SherbertLemons · 25/03/2026 22:12

This is abhorrent to me. I understand he didn’t want to be a dad upon finding out his ex was pregnant, but his daughter is here now, and he is choosing to be absent from her life. Sorry OP his actions speak to his character and if it had been me he had said that to I wouldn’t want to date him anymore. In fact I wouldn’t even want to know him

HappyHedgehog247 · 25/03/2026 22:17

If he really didn't want a child he needed to take responsibility for contraception or avoiding the possibility of pregnancy. Of course he doesn't get to dictate because it's not his body. This child will have to come to terms with a dad who couldn't be bothered to have any role whatsoever. It's so unattractive!
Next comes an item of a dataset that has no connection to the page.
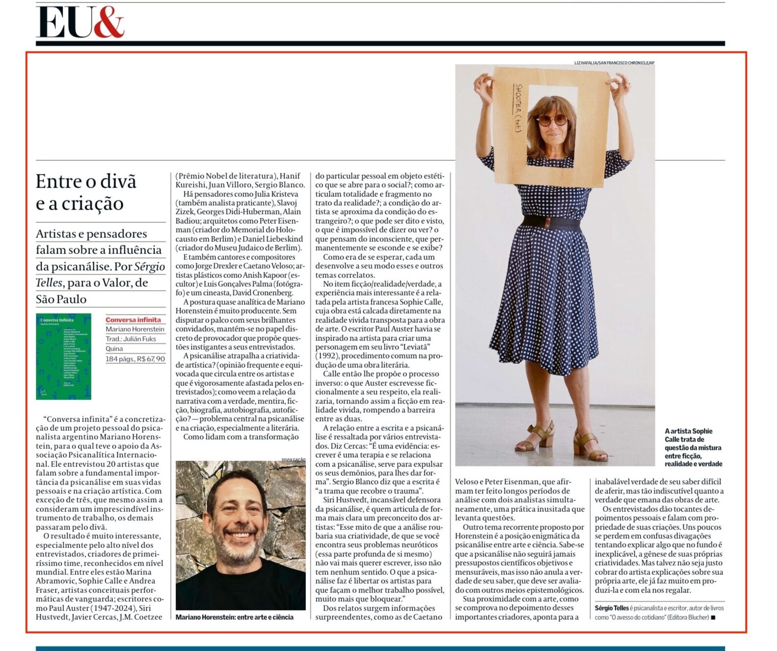 Em artigo publicada no Valor Econômico, o psicanalista e crítico Sérgio Telles destaca Conversa infinita, de Mariano Horenstein, como uma obra relevante sobre a interlocução entre psicanálise e criação artística. Telles ressalta a “clareza e elegância” do livro ao tratar de temas como transferência, escuta e linguagem, dimensões centrais tanto para a clínica quanto para a produção artística contemporânea.

SpryCat · 25/03/2026 22:18

If he still isn’t ready to meet his child again then he certainly isn’t ready to date a mum with two children.if it ever started to get serious he would run for the hills because he can’t commit

Morepositivemum · 25/03/2026 22:19

He’s 27 now and still doesn’t quite feel he’s ready to step up- if you see this going anywhere surely this leaves your kids at a huge disadvantage? Even if you don’t want him to be a father, can he show any amount of the maturity required to help them
in daily life?

JohnTheRevelator · 25/03/2026 22:20

You lost me at the point where you said he explained that he thought it was unfair that if she had wanted an abortion but not him she would have been able to have one anyway,but in reverse he got no say. I mean,WTAF? Not much respect for women's bodily autonomy,has he?

mindutopia · 25/03/2026 22:22

My mum did. Only found out years later that the reason he didn’t see any of his children (and now grandchildren) is because he was convicted of sexually abusing one of them. He has abused other children since. She stayed with him though because apparently he is a ‘good man’ (also very wealthy). All her children and grandchildren are NC with her now. Don’t bring losers into your kids’ lives.

BonfireNight1993 · 25/03/2026 22:22

If he brought this up with you organically, rather than because you found out, I'd be inclined to give him the benefit of the doubt. I wouldn't have wanted to be a parent at 23 and would have opted out. I think it's a massively sad situation but I don't think he's inherently a bad person because of it.